· 3 min read
On Not Being Him

I got back from the West Country late on Wednesday. Three trips in one week. Two down to the West Country, one out east for the East of England Power Platform Summit.
By the time I was driving home, I could feel it. The week had caught up with me. I knew what I was walking into too. Kids wanting to see me and the version of me that had been switched on for fourteen hours straight needed to find another gear.
That’s the thing about doing what I do.
I genuinely love the occasional travel. I like meeting up with people and the drive is decompression time on either side. The summit was brilliant. Duncan Boyne and his team did the real heavy lifting and I was lucky to be part of it. I love being in rooms full of people who care about the same things I do.
But there’s a cost.
And most of that cost isn’t paid by me. It’s paid by the people at home.
When my eldest, was born, I made a quiet promise to myself.
My own dad wasn’t really a dad. Not in any way that mattered. So I decided I’d be the opposite. Whatever he did, I’d do the reverse. Whatever he wasn’t, I’d be.
It sounds noble. It also turns out to be exhausting.

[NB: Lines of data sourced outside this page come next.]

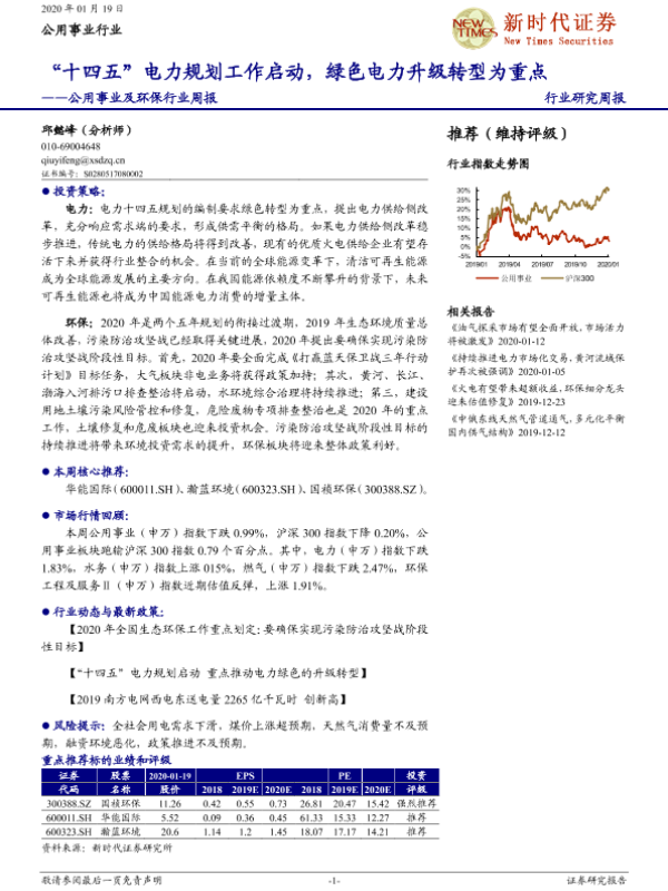 【新时代证券】【20200119】‘十四五’电力规划工作启动,绿色电力升级转型为重点-11页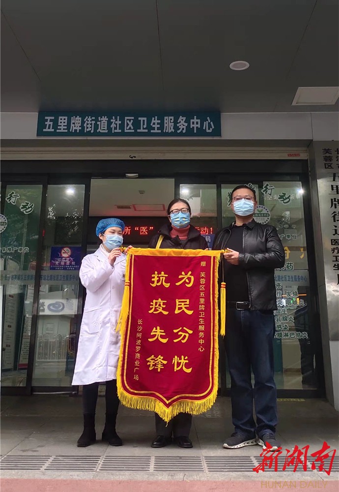 3月1日上午,阿波罗商业广场副总徐晖以及长株潭汽车站站长来到五里牌街道社区卫生服务中心,为坚守在一线的医护人员、志愿者赠送锦旗,以表达他们对所有一线工作人员的感恩之情。徐晖感慨万千地说道:“真心感谢医护人员和所有的工作人员,大家任劳任怨,风雨无阻,为我们企业单位开展核酸检测采样,你们真的吃得苦、耐得烦!”五里牌街道社区卫生服务中心主任仇凤华表示:“穿上这身防护服,为防疫工作贡献一份力量,我们也很自豪!”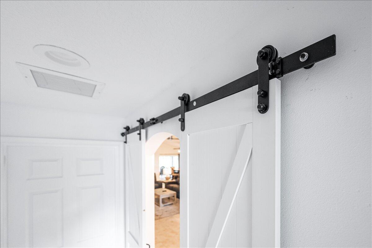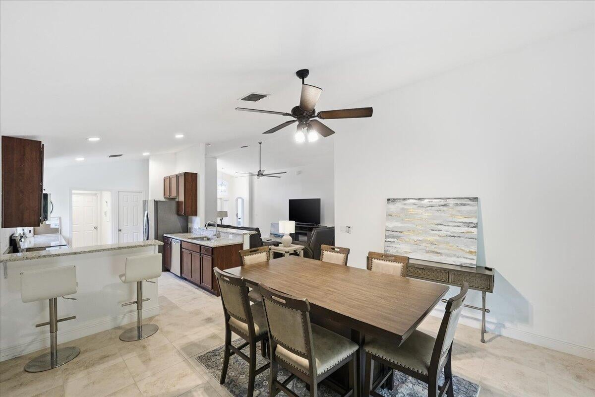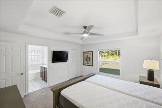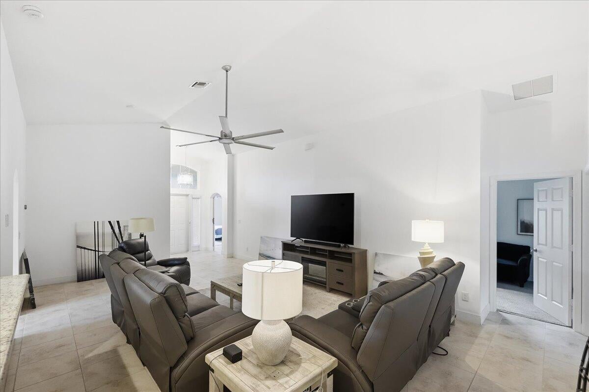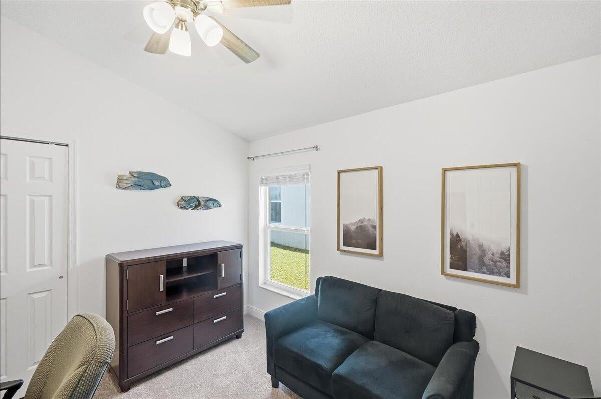Location truly is everything with this impeccably maintained 4-bedroom, 2-bath home built in 2019, ideally situated on a premium corner lot backing to a serene preserve--offering exceptional privacy with no neighboring home to the right. Freshly painted and move-in ready, the home features tile flooring throughout the main living areas, vaulted ceilings, and a bright, open floor plan. The upgraded kitchen showcases enhanced cabinetry, granite countertops, and stainless-steel appliances, seamlessly opening to the living and dining areas. Remote-controlled blinds add both convenience and style in the living and dining spaces leading to the lanai. The spacious primary suite is a true retreat, featuring remote-controlled blinds and a luxurious en-suite bath with a soaking tub and separate ..shower. Barn doors have been thoughtfully added to create additional privacy for the front two bedroomsideal for guests, children, or a home office setup. Enjoy outdoor living on the screened lanai, recently rescreened including the frame. Additional features include an ADT security system and automatic remote power locks. Located in a highly desirable, family-friendly community with a low HOA, residents enjoy a clubhouse, pool, playground, fitness center, and walking/jogging trails. Convenient to shopping, dining, and with easy access to I-95 and the Florida Turnpike, this home offers the perfect blend of privacy, upgrades, and location.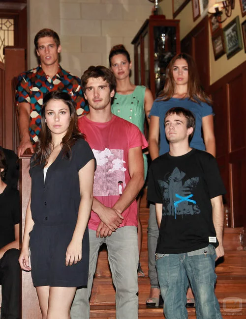 Blanca Suárez, Martín Rivas, Yon González, Nani Jiménez, Elena Furiase y Daniel Retuerta posan junto a la escalera de 'El internado'.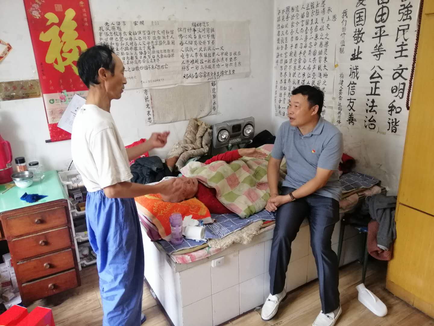 2020年8月13日,教学区工会主席李俊涛同志一行来到离休干部李云山同志家中,看望病中的李云山同志。李云山同志已经95岁高龄,前段时间,他因心脏和肠道疾病住院治疗。现在,他虽然出院了,但是身体依然很虚弱。李俊涛同志坐在李云山同志的床前,拉着他的手,关切地询问李云山同志的身体状况、询问李云山同志家庭生活情况,嘘寒问暖、关怀备至,李云山同志深受感动。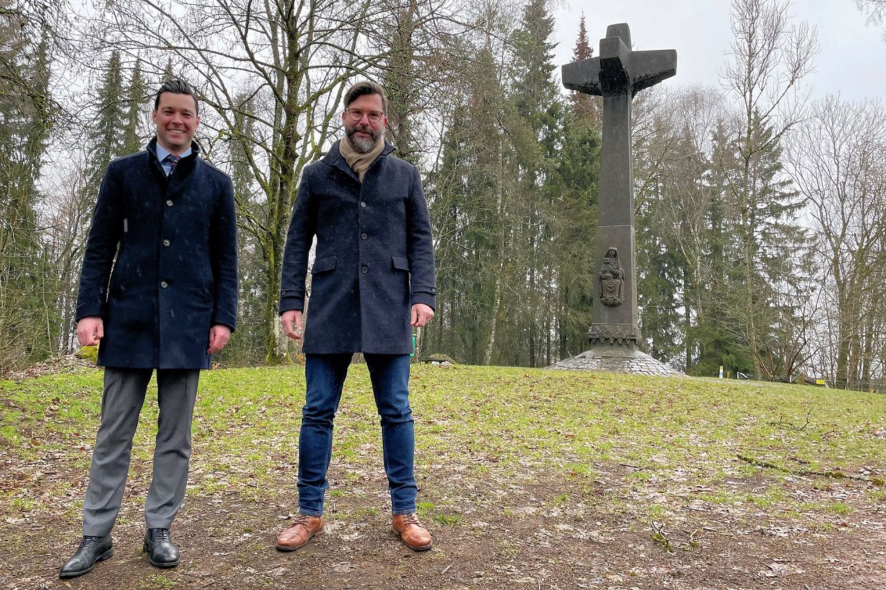 Bild: Vor Ort begutachteten Stadtbürgermeister Johannes Reuschen (l.) sowie Christian Nathem (Westenergie) sowie die neuen LED-Anstrahlleuchten am Kalvarienkreuz. (Foto: David Kryszons/Westenergie)

Because when you build yourself entirely in reaction to someone else, you’re still letting them define you. You’re still measuring yourself against what bad looks like, instead of figuring out what good actually means for you.
It took me a long time to see that. Therapy helped. More than one kind. More than one brilliant counsellor. If anyone reading this ever wants to talk about that side of things, my inbox is open. I’m not precious about it.
Then there was the ADHD diagnosis. Later than it should have been.
For years, I was told I had generalised anxiety disorder. I accepted the label and carried it around. Looking back, I don’t think most of it was anxiety at all. It was a brain doing too much, all the time, with no off switch.
Medication has been a quiet revolution. No drama. No miracle cure. There are still hard days.
But I have something I never really had before.
A stop button.
Here’s something else I’ve learned about myself.
I’m a magpie.
Something new and shiny appears and I’m gone. A few weeks ago, I decided I’d start walking. I walked thirty miles that week. Then I started taking the neighbour’s dog out every other day. Not because I’d planned it. Just because the shine was there.
At work, this is mostly a gift.
I meet a new colleague or client and I can build a real relationship inside an hour. I get curious quickly. I care quickly. People feel it, and good things tend to follow.
At home, it’s more complicated.
The same engine that makes me a useful consultant doesn’t always make me a great parent. Moderation isn’t really my strength, especially with anything new. I latch on. I go deep. And when I’m done, I’m already scanning for the next shiny thing.
Family life doesn’t work like that.
Family life is the same shiny things, every day.
The school run.
The bedtime story.
The after school taxi service to clubs.
The quiet, repetitive, unglamorous work of being there. However, something I have realised right in this moment. The children are my magpie focus. They are evolving and changing all the time, so it’s that shiny thing I must tap into.
Somewhere on the M4 this week, I caught myself thinking three things at once.
I love this.
I’m tired.
I miss them.
All true. At the same time.
What am I learning?
That the version of myself I tried to build, the exact opposite of my dad, was never really a person. It was a reaction.
The kind of parenting I actually want to do isn’t about not being him.
It’s about being there.
Being present.
Being consistent.
Showing up.
I haven’t got it figured out.
I’m still the magpie. I still drive home from brilliant weeks feeling slightly hollowed out. I still have to remind myself that the people at home don’t need the polished version of me.
They just need me.
The medication helps.
The therapy helped.
The honesty helps most.
If there’s one thing I keep coming back to, it’s this.
You don’t have to be the opposite of anyone.
You just have to be there.
The stairs are behind me. Let’s see how today goes.